**Input material:**
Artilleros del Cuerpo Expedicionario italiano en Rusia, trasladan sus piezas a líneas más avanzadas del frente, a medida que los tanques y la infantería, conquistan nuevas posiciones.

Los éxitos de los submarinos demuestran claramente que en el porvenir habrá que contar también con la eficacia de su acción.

* * *

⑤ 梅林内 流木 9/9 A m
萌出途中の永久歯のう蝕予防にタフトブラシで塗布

**Work instructions:** Working from the data above, extract solely the lines from the one containing "Artilleros del Cuerpo" through the one containing "Los éxitos de", exactly as they appear, both included.

**Answer to this exercise:**
Artilleros del Cuerpo Expedicionario italiano en Rusia, trasladan sus piezas a líneas más avanzadas del frente, a medida que los tanques y la infantería, conquistan nuevas posiciones.

Los éxitos de los submarinos demuestran claramente que en el porvenir habrá que contar también con la eficacia de su acción.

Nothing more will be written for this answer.